[Collection entries]
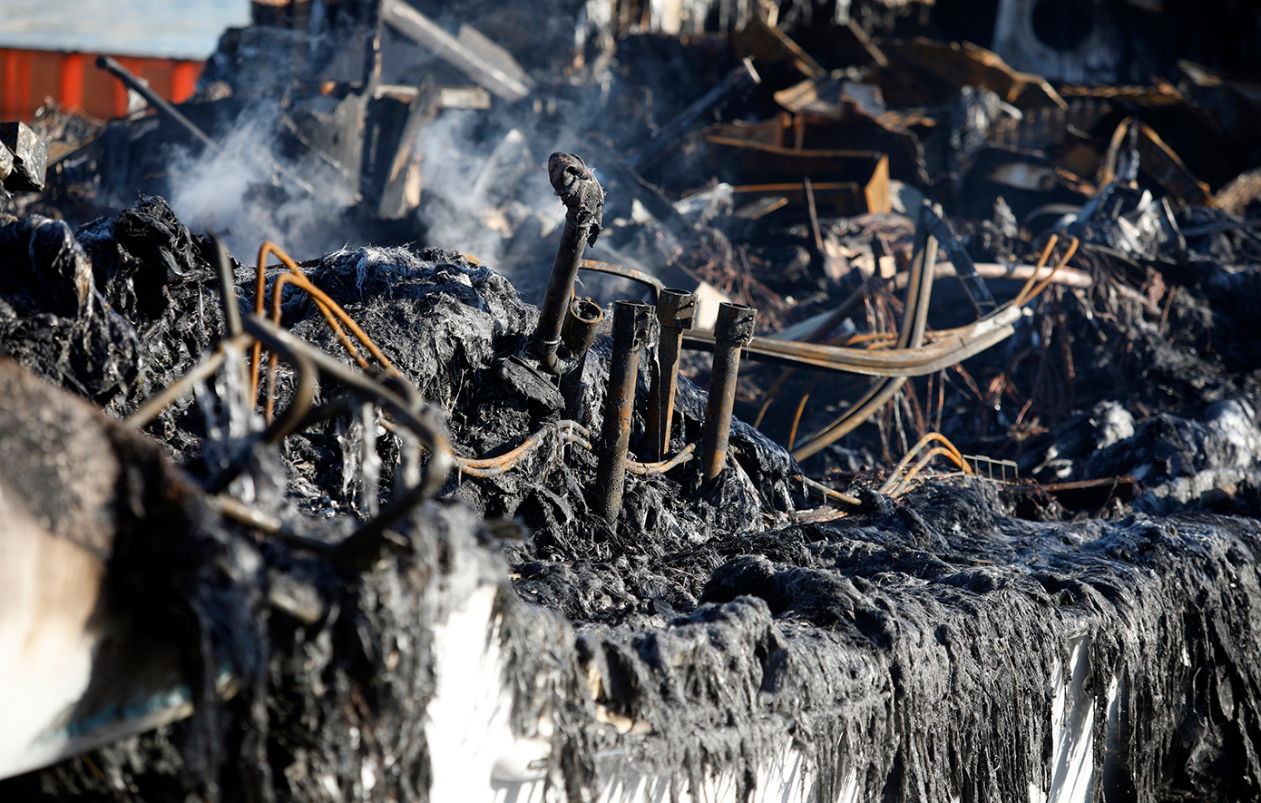 Οι καπνοί ήταν τόσο έντονοι που δέκα άτομα τα οποία έκαναν βόλτα στην προβλήτα εγκλωβίστηκαν και κάλεσαν για βοήθεια.
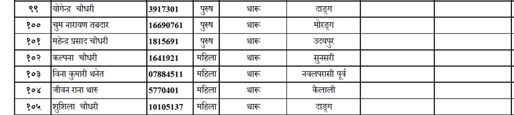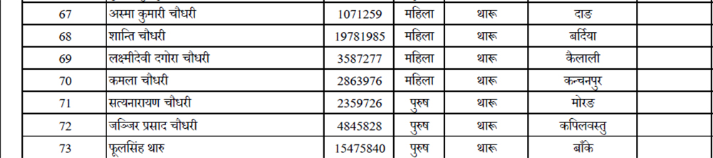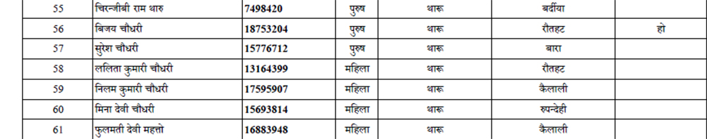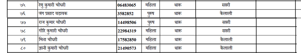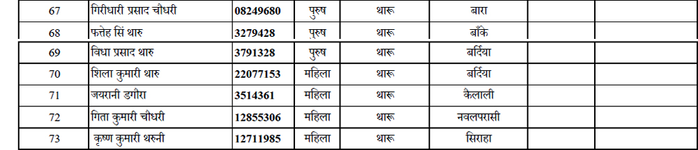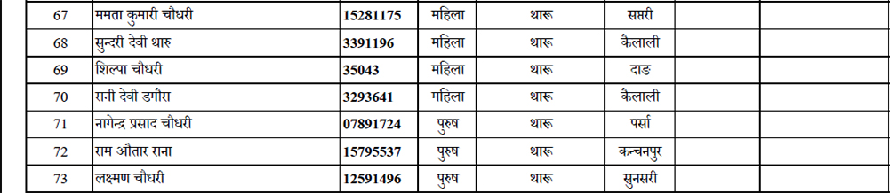 त्यस्तै राष्ट्रिय प्रजातन्त्र पार्टीले थारु कोटाको पहिलो नम्बमार गिरधारीप्रसाद चौधरी र महिलामा शिलाकुमारी थारुलाई राखेको छ।
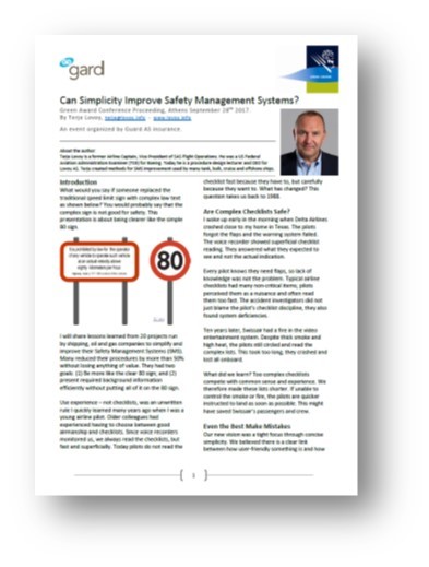 Accessible, airline checklists, airline procedures, average words per sentence, aviation checklists, aviation procedures, break the vicious cycle of complexity, bridge resources management, BRM, BSM checklists, BSM procedures, checklist design, checklist risk assessments, checklist simplification, checklists are not training devices, checklists to prevent accidents, chunking, class societies, coast guard regulations, cockpit resource management, company resources management, complex checklists, complex procedure, complexity is a vicious cycle, compliance mindset, cover you back exercise, crew resource management, CRM, Det Norske Veritas (DNV), DNV GL, flag state, good tools – half the job, graphic presentation, HSSEQ Manager, human element, human error can be controlled, human error, human factors, identifiable steps, International Convention for the Safety of Life at Sea, International Safety Management Code, Intertanko, ISM code, ITSOF, lack of competence, logic manner, Lovoy AS, marine accidents, marine accident rates, marine checklist, marine losses, marine procedures, maritime safety, maritime services, maritime surveyor, OCIMF, Oil Companies International Maritime Forum, overly complex SMS, plain English, plain language, prevent the checklist from becoming too long, proactive checklists, proactive procedures, proactive SMS, procedure design, Procedure risk assessments, procedure simplification, procedure vicious cycle, process oriented procedures, process, prose text, readability, reduce accidents caused by human error, resilience, risk based checklists, risk based procedures, risk based SMS, root cause, safe ship, safety culture, safety management system, seafarer accident rates, seafarer safety, seaman dying, seaman mortality, seamen accidents, seamen safety, ship management companies, ship security, simple concise checklists used by pilots, simplified technical English, simplify and clarify, SMS improvement, SMS risk assessments, SMS simplification, SMS vicious cycle, SMS, step-by-step procedures, sufficient details, Tanker Management and Self Assessment, team management, Terje Lovoy, Terje Løvøy, text washing, TMSA 3, too long checklists, training and standardization, United States Coast Guard quarterly magazine Proceedings, USCG, verification points, vetting, workflow, workflow-based procedures.
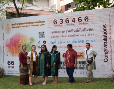มหาวิทยาลัยเทคโนโลยีราชมงคลล้านนา จ.เชียงใหม่ มีพิธีมอบปริญญาแก่ผู้สำเร็จการศึกษาประจำปีการศึกษาระหว่างวันที่ 20 – 21 มีนาคม 2566 ณ หอประชุมมหาวิทยาลัยเชียงใหม่ ปีนี้ทางมหาวิทยาลัยสร้างความสีสันกับป้ายแสดงความยินดีบัณฑิตที่จัดทำขึ้นและนำไปติดตั้งไว้ภายในสนามหญ้าให้เป็นพร็อพถ่ายรูป โดยเป็นลอตเตอรี ขนาดยักษ์ที่ระบุหมายเลข 636466 งวดที่ 63 ชุดที่ 64 ราคา 66 บาท พร้อมกับมีภาพกราฟฟิกของกลุ่มบัณฑิตเป็นพื้นหลังและยังมีลวดลาย บาร์โค้ด ถอดแบบมาจากลอตเตอรีแบบเป๊ะ ๆ ปรากฏว่าทั้งบัณฑิตและผู้ปกครองชื่นชอบในไอเดียสร้างสรรค์ พากันไปถ่ายภาพกับแบคดรอปนี้กันอย่างคึกคัก หลายคนบอกว่าจะเอาตัวเลขในลอตเตอรีจำลองใบนี้ไปลุ้นโชค
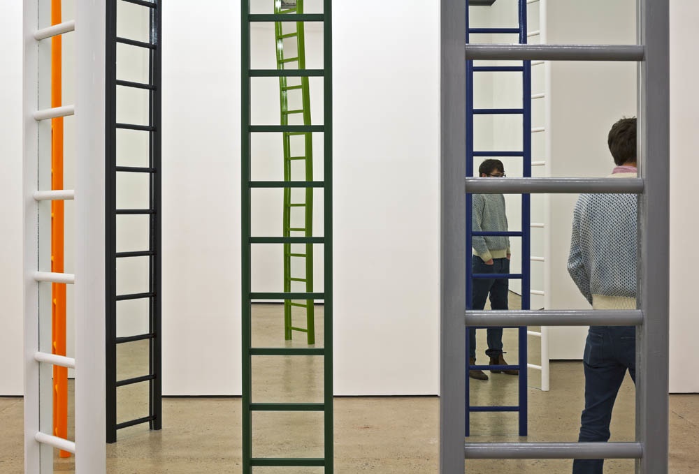 What fascinates me about this work is the combination of the excess of having so many ladders in such a small space and the ridiculousness of them standing apparently unsupported and the visual confusion created by the mirrors. It becomes hard to make sense of the spece, much less figure out what would happen if one were to take the leap of faith involved in attempting to climb a ladder here.
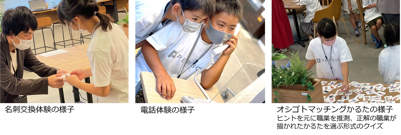 子どもたちに「親がはたらく会社を知ってもらい、楽しんでもらいたい!」を目的として、2017年より年数回開催している「子どもはたらくスマイルプロジェクト」。今回は、初開催の福岡県久留米市のオフィスにて、社員の子どもたち17名が参加しました。3日には”オリジナル名刺作成と名刺交換体験” ”電話やテレビ通話体験” ”オシゴトマッチングかるた”などのコンテンツを通してはたらくを体験し、4日は縁日として射的や輪投げなどを楽しみました。期待を膨らませてオフィスに訪れた子どもたち、初めての名刺交換や電話体験を緊張しながらも一生懸命に取り組む姿や、オシゴトマッチングかるたに笑顔で参加する姿が印象的なイベントとなりました。
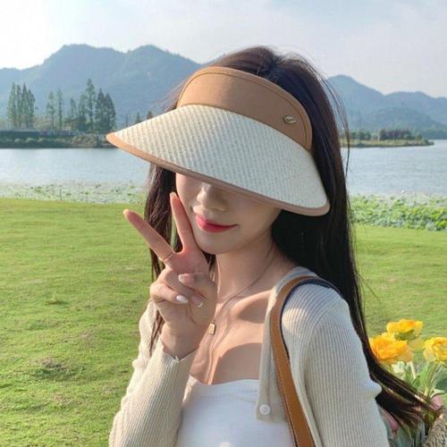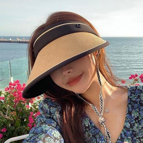 왕골 썬캡 휴가 챙모자 여성 야외 등산캡 WFMB7YQ
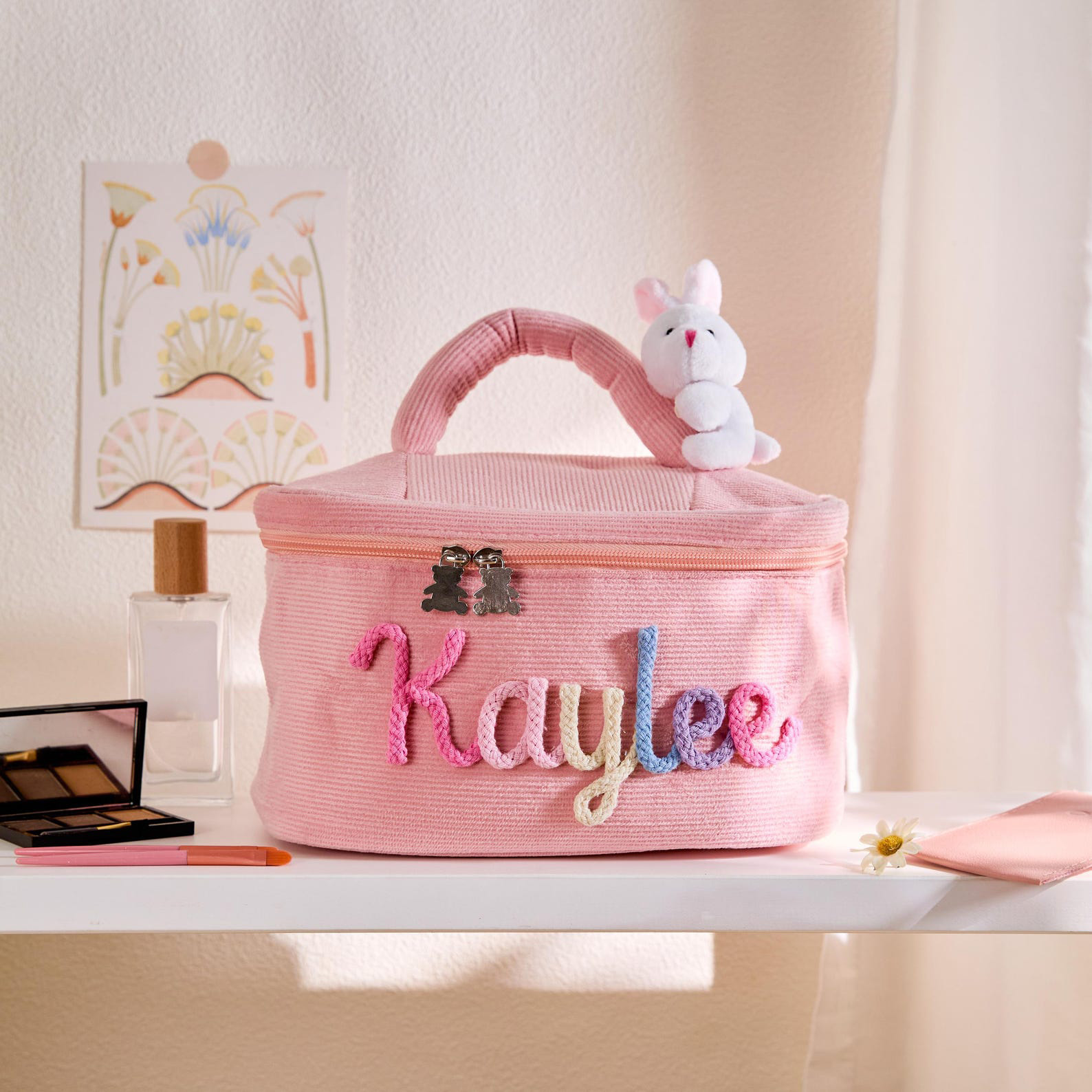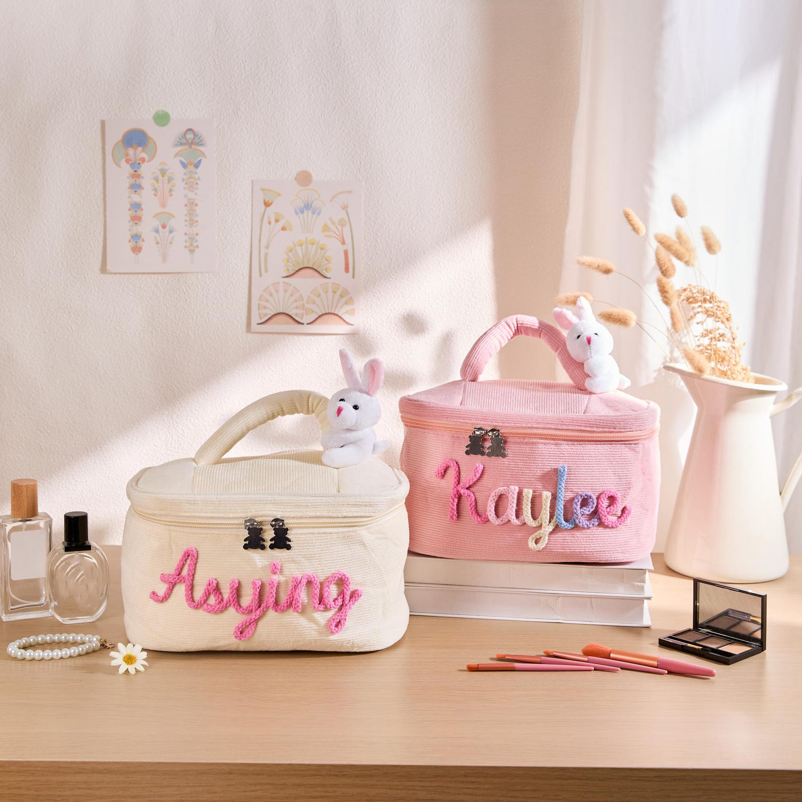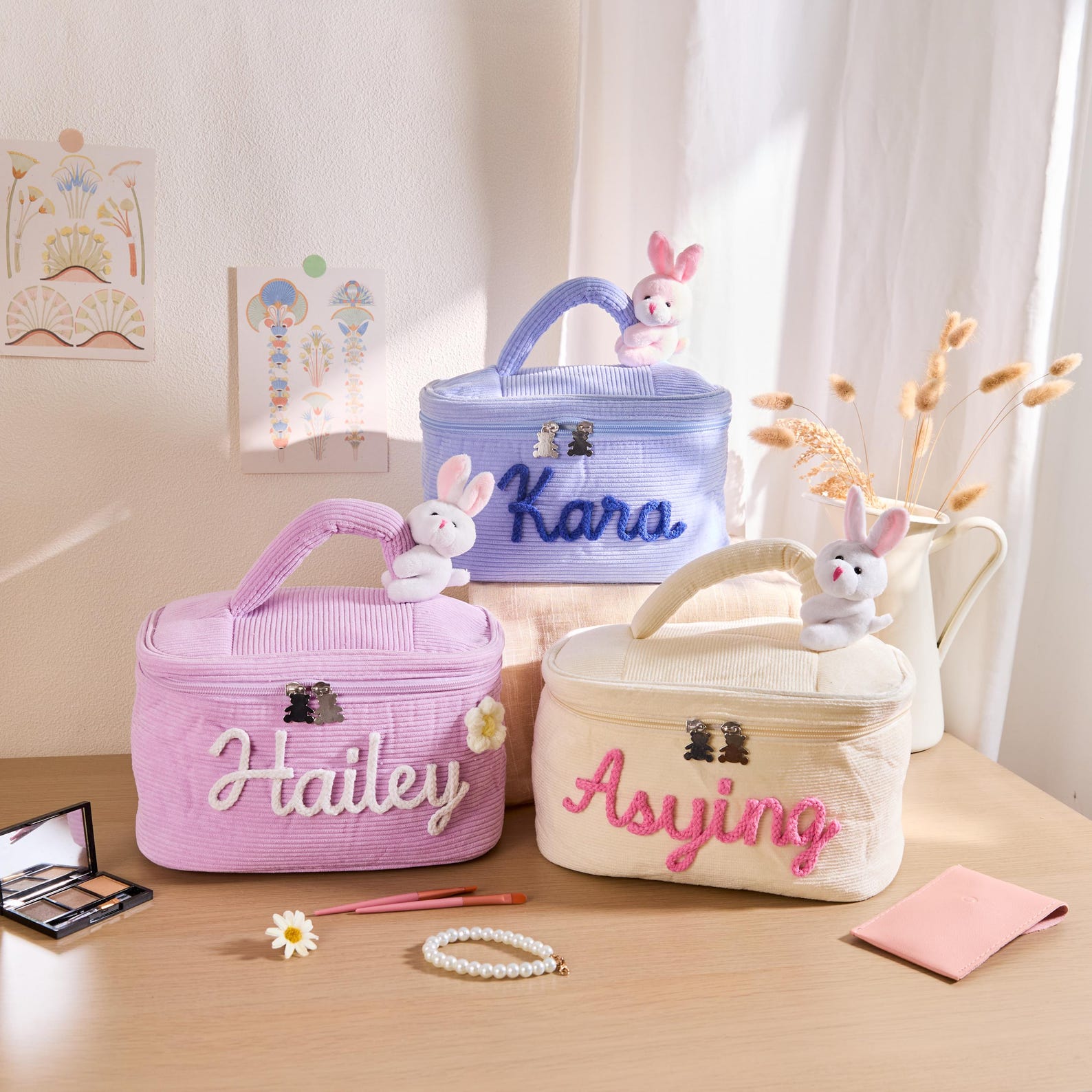 Personalized Name Yarn Embroidered Makeup Bag, Large Capacity Cotton Cosmetic Pouch with Fixed Bunny, Birthday/Easter Gift for Kids/Girls/Teens

**TO DO**
Would you write out all of the records exactly, omitting the pictures?

**ANSWER FOR THIS EXERCISE**
 Οι καπνοί ήταν τόσο έντονοι που δέκα άτομα τα οποία έκαναν βόλτα στην προβλήτα εγκλωβίστηκαν και κάλεσαν για βοήθεια.
 त्यस्तै राष्ट्रिय प्रजातन्त्र पार्टीले थारु कोटाको पहिलो नम्बमार गिरधारीप्रसाद चौधरी र महिलामा शिलाकुमारी थारुलाई राखेको छ।
 Accessible, airline checklists, airline procedures, average words per sentence, aviation checklists, aviation procedures, break the vicious cycle of complexity, bridge resources management, BRM, BSM checklists, BSM procedures, checklist design, checklist risk assessments, checklist simplification, checklists are not training devices, checklists to prevent accidents, chunking, class societies, coast guard regulations, cockpit resource management, company resources management, complex checklists, complex procedure, complexity is a vicious cycle, compliance mindset, cover you back exercise, crew resource management, CRM, Det Norske Veritas (DNV), DNV GL, flag state, good tools – half the job, graphic presentation, HSSEQ Manager, human element, human error can be controlled, human error, human factors, identifiable steps, International Convention for the Safety of Life at Sea, International Safety Management Code, Intertanko, ISM code, ITSOF, lack of competence, logic manner, Lovoy AS, marine accidents, marine accident rates, marine checklist, marine losses, marine procedures, maritime safety, maritime services, maritime surveyor, OCIMF, Oil Companies International Maritime Forum, overly complex SMS, plain English, plain language, prevent the checklist from becoming too long, proactive checklists, proactive procedures, proactive SMS, procedure design, Procedure risk assessments, procedure simplification, procedure vicious cycle, process oriented procedures, process, prose text, readability, reduce accidents caused by human error, resilience, risk based checklists, risk based procedures, risk based SMS, root cause, safe ship, safety culture, safety management system, seafarer accident rates, seafarer safety, seaman dying, seaman mortality, seamen accidents, seamen safety, ship management companies, ship security, simple concise checklists used by pilots, simplified technical English, simplify and clarify, SMS improvement, SMS risk assessments, SMS simplification, SMS vicious cycle, SMS, step-by-step procedures, sufficient details, Tanker Management and Self Assessment, team management, Terje Lovoy, Terje Løvøy, text washing, TMSA 3, too long checklists, training and standardization, United States Coast Guard quarterly magazine Proceedings, USCG, verification points, vetting, workflow, workflow-based procedures.
มหาวิทยาลัยเทคโนโลยีราชมงคลล้านนา จ.เชียงใหม่ มีพิธีมอบปริญญาแก่ผู้สำเร็จการศึกษาประจำปีการศึกษาระหว่างวันที่ 20 – 21 มีนาคม 2566 ณ หอประชุมมหาวิทยาลัยเชียงใหม่ ปีนี้ทางมหาวิทยาลัยสร้างความสีสันกับป้ายแสดงความยินดีบัณฑิตที่จัดทำขึ้นและนำไปติดตั้งไว้ภายในสนามหญ้าให้เป็นพร็อพถ่ายรูป โดยเป็นลอตเตอรี ขนาดยักษ์ที่ระบุหมายเลข 636466 งวดที่ 63 ชุดที่ 64 ราคา 66 บาท พร้อมกับมีภาพกราฟฟิกของกลุ่มบัณฑิตเป็นพื้นหลังและยังมีลวดลาย บาร์โค้ด ถอดแบบมาจากลอตเตอรีแบบเป๊ะ ๆ ปรากฏว่าทั้งบัณฑิตและผู้ปกครองชื่นชอบในไอเดียสร้างสรรค์ พากันไปถ่ายภาพกับแบคดรอปนี้กันอย่างคึกคัก หลายคนบอกว่าจะเอาตัวเลขในลอตเตอรีจำลองใบนี้ไปลุ้นโชค
 What fascinates me about this work is the combination of the excess of having so many ladders in such a small space and the ridiculousness of them standing apparently unsupported and the visual confusion created by the mirrors. It becomes hard to make sense of the spece, much less figure out what would happen if one were to take the leap of faith involved in attempting to climb a ladder here.
 子どもたちに「親がはたらく会社を知ってもらい、楽しんでもらいたい!」を目的として、2017年より年数回開催している「子どもはたらくスマイルプロジェクト」。今回は、初開催の福岡県久留米市のオフィスにて、社員の子どもたち17名が参加しました。3日には”オリジナル名刺作成と名刺交換体験” ”電話やテレビ通話体験” ”オシゴトマッチングかるた”などのコンテンツを通してはたらくを体験し、4日は縁日として射的や輪投げなどを楽しみました。期待を膨らませてオフィスに訪れた子どもたち、初めての名刺交換や電話体験を緊張しながらも一生懸命に取り組む姿や、オシゴトマッチングかるたに笑顔で参加する姿が印象的なイベントとなりました。
 왕골 썬캡 휴가 챙모자 여성 야외 등산캡 WFMB7YQ
 Personalized Name Yarn Embroidered Makeup Bag, Large Capacity Cotton Cosmetic Pouch with Fixed Bunny, Birthday/Easter Gift for Kids/Girls/Teens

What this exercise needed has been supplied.